Fed official Hamak warned that the US CPI for November may be underestimated due to data distortions related to the government shutdown, making the 12-month inflation figure closer to the actual 2.9%–3.0% range than 2.7%.
This assessment raises doubts about the extent of inflation's "cooling" and reinforces the cautious argument for interest rate cuts, as Hamak suggests that neutral interest rates may be higher than the market believes.
- The CPI for November increased by 2.7% year-on-year, but this figure may be lower than the actual reading.
- Adjusting for measurement difficulties brings the CPI closer to 2.9%–3.0%.
- Hamak doubted the interest rate cut because the neutral interest rate could be higher.
CPI in November: 2.7% YoY may not accurately reflect the situation.
Hamak said the positive inflation data in November may have stemmed from data collection distortions caused by the government shutdown in October and the first half of November, which lowered estimates of 12-month price increases.
The U.S. Bureau of Labor Statistics (BLS) reported that the CPI in November rose 2.7% year-on-year. However, according to revised estimates reflecting the difficulty in measuring, this increase was brought closer to the 2.9% or 3.0% range—the thresholds typically expected by forecasters.
The main implication is that the reliability of the inflation reduction signal may be uncertain, especially when technical factors (distortions) can cause the figures to be lower than reality. This often increases the sensitivity of macroeconomic markets, including risky assets such as cryptocurrencies, to inflation developments and interest rate expectations.
Higher neutral interest rates and continued growth momentum: barriers to interest rate cuts.

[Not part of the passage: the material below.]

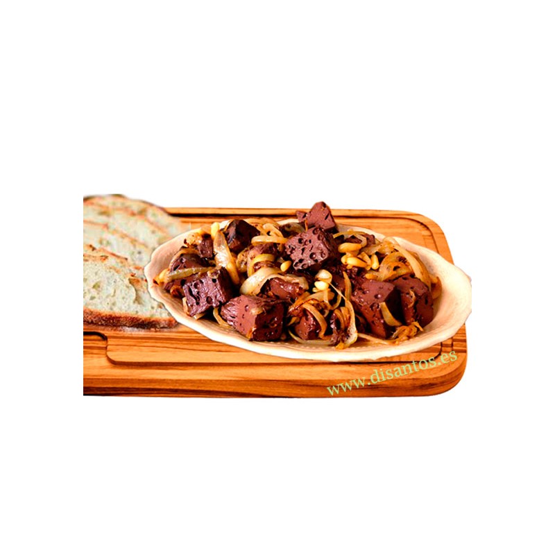 Este plato es algo especial, no es una receta. Te puede parecer un plato raro, pero no dejes de probarlo. Es sangre de pollo cocida, cortada en pequeños dados, cocinada con cebolla en juliana. Es un aperitivo muy tipico de la zona del levante, sobre todo de la region Murciana. Comida cocinada de calidad
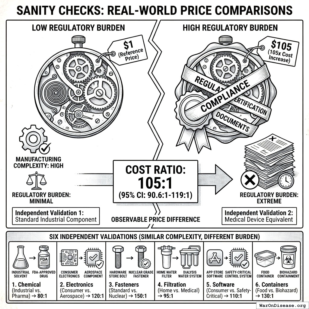 Cross-Validation: All Six Checks Confirm 105x (95% CI: 90.6x-119x) Development Cost Increase

Hamak's core concern regarding interest rate cuts is the view that interest rates are more neutral than the widely believed level, while the economy is poised to sustain strong growth next year.
Hamak emphasized that the neutral interest rate cannot be directly observed, but can only be inferred from the state of the economy. If the actual neutral interest rate is higher, the threshold for monetary policy to become "loose" is also higher, making the justification for cutting interest rates less convincing in the context of robust growth.
In this context, market expectations regarding interest rate cuts could come under pressure if subsequent inflation data confirms that the CPI is not as low as initially reported. With cryptocurrencies, changes in risk pricing often closely track interest rate expectations and economic growth strength.